» **Assignment**: Take the lines below from the one with "雨の合間に切り戻したペチュニ" through the one with "Take baking sheet" and print only them, exactly. Don't print the pictures.

» **Data for this exercise**:

━━━

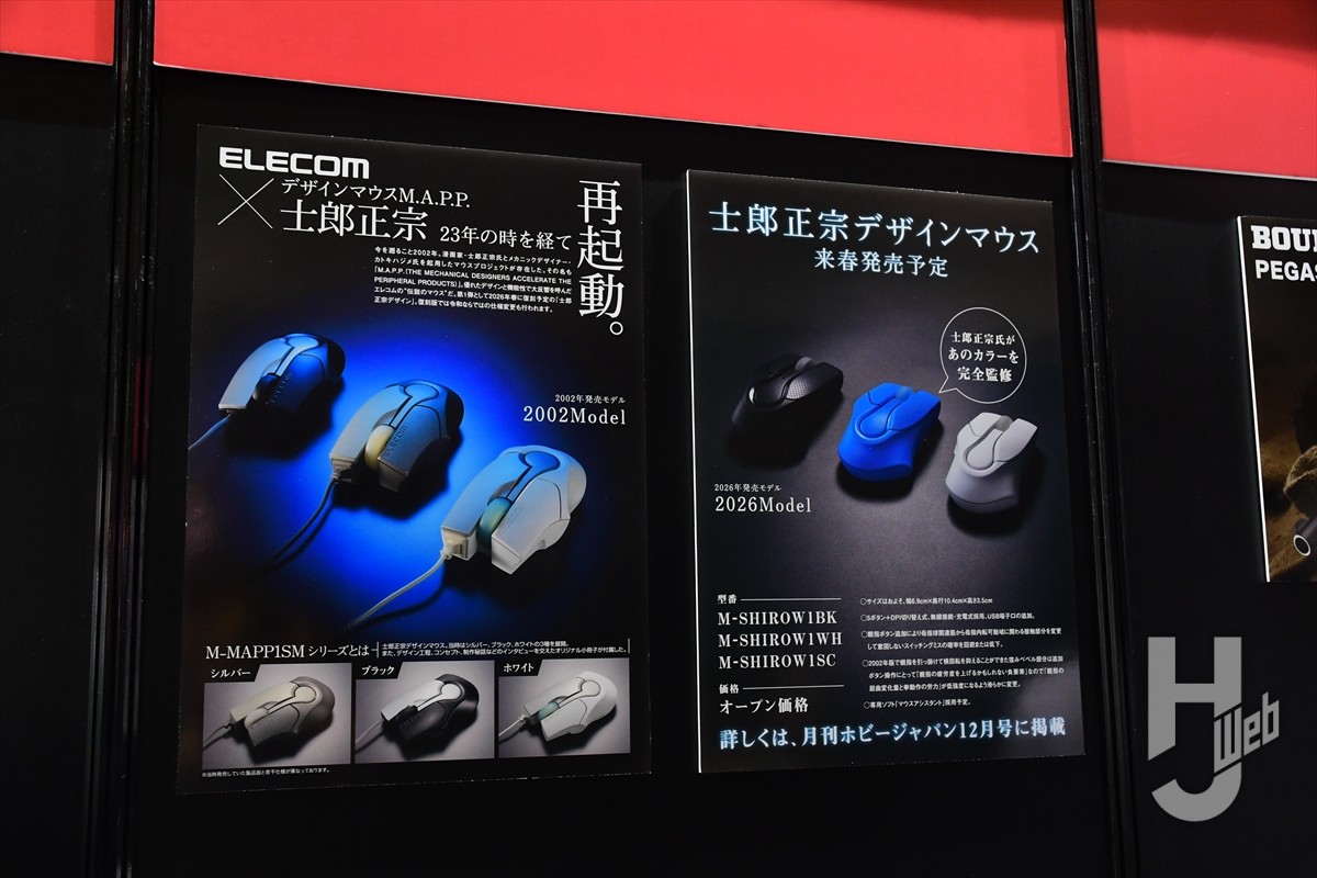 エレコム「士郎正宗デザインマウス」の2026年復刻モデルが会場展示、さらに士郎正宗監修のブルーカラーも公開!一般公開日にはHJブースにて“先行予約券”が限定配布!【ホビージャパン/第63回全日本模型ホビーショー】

━━━

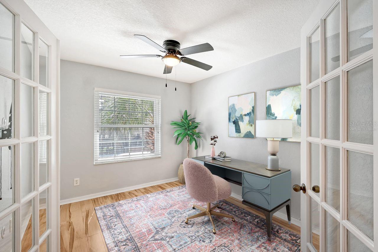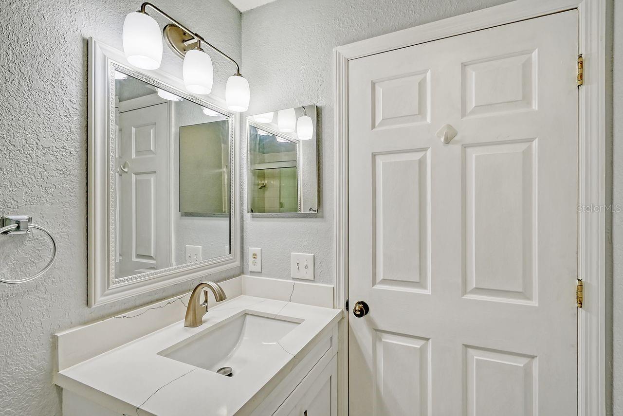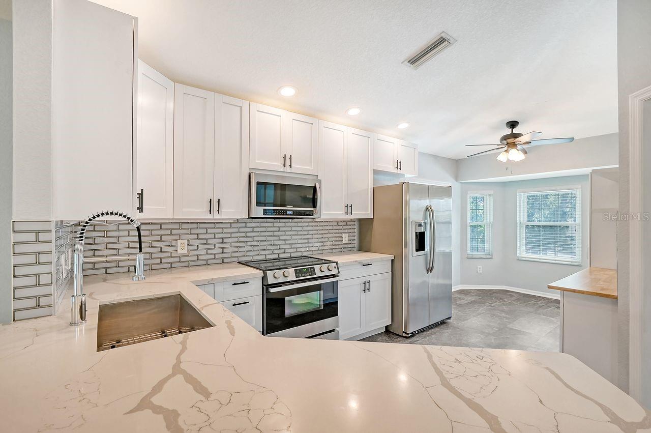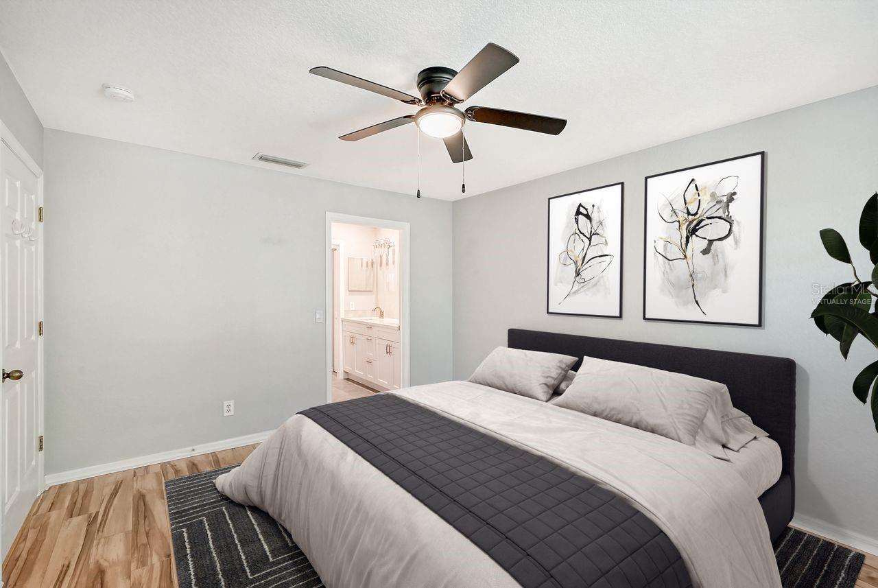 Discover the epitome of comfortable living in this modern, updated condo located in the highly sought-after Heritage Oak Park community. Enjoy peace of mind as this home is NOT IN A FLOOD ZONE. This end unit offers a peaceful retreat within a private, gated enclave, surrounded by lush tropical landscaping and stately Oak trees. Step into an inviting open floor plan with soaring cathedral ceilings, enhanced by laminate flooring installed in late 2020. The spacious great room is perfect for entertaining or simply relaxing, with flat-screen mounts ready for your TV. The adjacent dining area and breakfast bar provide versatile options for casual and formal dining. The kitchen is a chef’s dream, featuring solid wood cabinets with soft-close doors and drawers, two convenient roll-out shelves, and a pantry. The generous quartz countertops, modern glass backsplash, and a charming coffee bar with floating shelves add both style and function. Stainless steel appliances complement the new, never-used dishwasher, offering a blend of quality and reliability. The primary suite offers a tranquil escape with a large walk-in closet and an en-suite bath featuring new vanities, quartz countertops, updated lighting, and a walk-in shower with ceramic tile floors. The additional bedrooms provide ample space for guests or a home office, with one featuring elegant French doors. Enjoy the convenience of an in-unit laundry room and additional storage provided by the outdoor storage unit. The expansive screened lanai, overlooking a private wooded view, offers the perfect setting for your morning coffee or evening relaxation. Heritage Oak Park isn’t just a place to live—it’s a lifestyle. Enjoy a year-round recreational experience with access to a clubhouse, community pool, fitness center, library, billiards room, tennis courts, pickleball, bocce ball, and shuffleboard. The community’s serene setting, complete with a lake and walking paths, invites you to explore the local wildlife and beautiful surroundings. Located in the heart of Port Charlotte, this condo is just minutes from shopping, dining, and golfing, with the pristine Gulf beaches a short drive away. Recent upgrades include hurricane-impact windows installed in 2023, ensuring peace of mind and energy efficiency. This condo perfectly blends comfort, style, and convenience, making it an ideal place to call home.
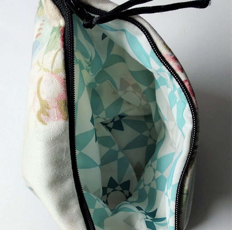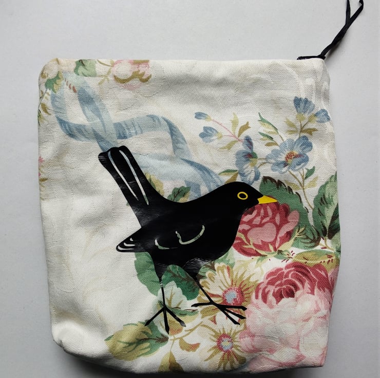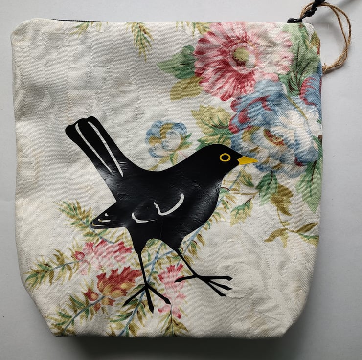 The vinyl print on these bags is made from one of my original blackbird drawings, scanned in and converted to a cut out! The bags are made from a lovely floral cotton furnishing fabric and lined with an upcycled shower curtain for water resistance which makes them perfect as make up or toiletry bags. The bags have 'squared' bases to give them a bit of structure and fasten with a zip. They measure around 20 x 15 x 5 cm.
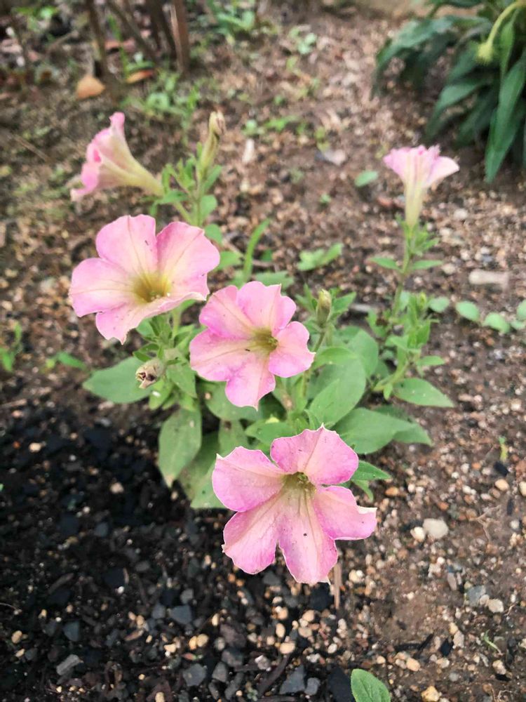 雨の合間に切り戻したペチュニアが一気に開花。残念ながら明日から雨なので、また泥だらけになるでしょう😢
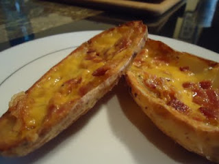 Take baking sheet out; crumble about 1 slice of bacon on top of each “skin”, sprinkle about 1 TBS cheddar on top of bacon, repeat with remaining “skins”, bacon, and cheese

━━━

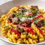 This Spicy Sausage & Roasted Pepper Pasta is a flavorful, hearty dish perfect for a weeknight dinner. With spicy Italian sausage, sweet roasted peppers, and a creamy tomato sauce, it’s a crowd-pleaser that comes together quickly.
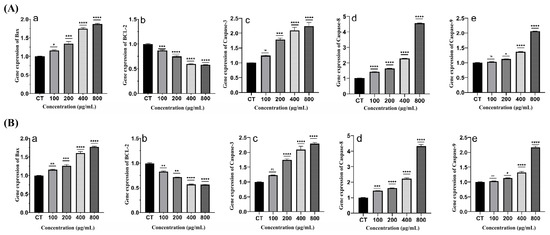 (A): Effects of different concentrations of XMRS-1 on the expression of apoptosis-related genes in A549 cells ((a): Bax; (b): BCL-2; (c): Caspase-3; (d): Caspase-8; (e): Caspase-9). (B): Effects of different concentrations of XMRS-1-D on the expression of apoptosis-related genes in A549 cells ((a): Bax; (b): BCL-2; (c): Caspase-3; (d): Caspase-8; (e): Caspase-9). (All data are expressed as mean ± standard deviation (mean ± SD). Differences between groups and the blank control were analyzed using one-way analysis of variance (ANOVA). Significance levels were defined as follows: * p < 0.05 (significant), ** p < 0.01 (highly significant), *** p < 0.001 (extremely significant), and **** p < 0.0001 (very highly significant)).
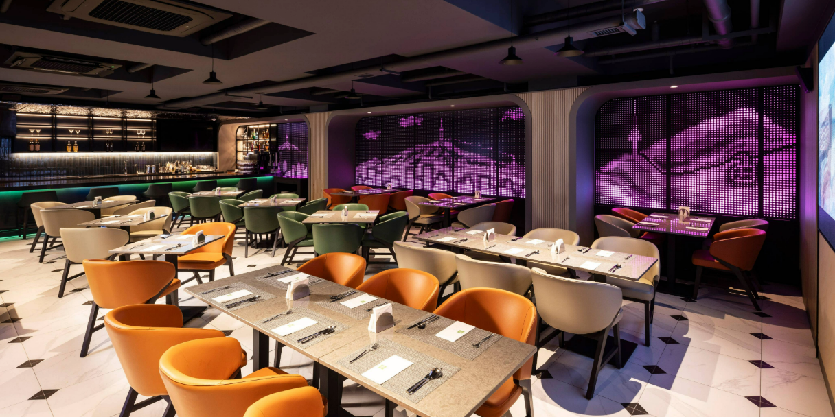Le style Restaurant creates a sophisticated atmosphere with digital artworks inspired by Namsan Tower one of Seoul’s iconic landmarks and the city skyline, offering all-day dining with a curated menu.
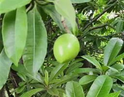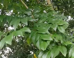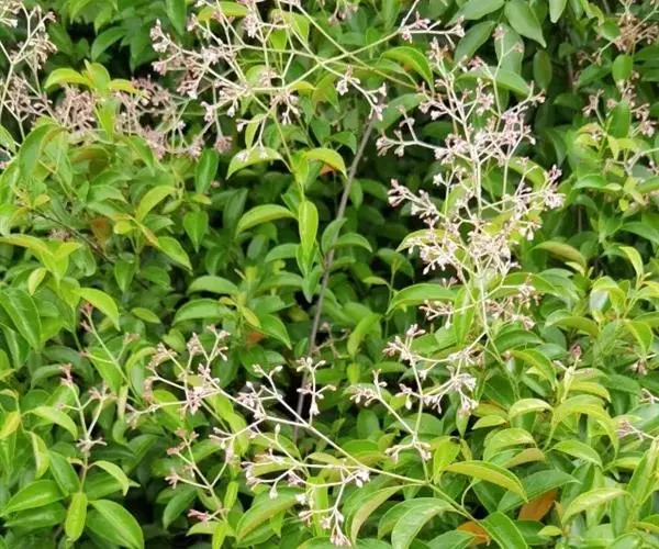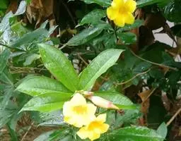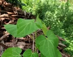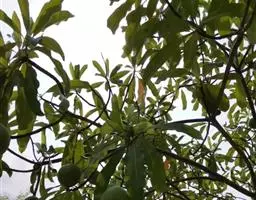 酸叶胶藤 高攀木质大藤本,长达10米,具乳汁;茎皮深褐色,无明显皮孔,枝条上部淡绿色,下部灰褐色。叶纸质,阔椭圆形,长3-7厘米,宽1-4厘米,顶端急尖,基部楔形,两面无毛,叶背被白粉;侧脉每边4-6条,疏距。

━━━

» **Solution to the exercise**:
 雨の合間に切り戻したペチュニアが一気に開花。残念ながら明日から雨なので、また泥だらけになるでしょう😢
 Take baking sheet out; crumble about 1 slice of bacon on top of each “skin”, sprinkle about 1 TBS cheddar on top of bacon, repeat with remaining “skins”, bacon, and cheese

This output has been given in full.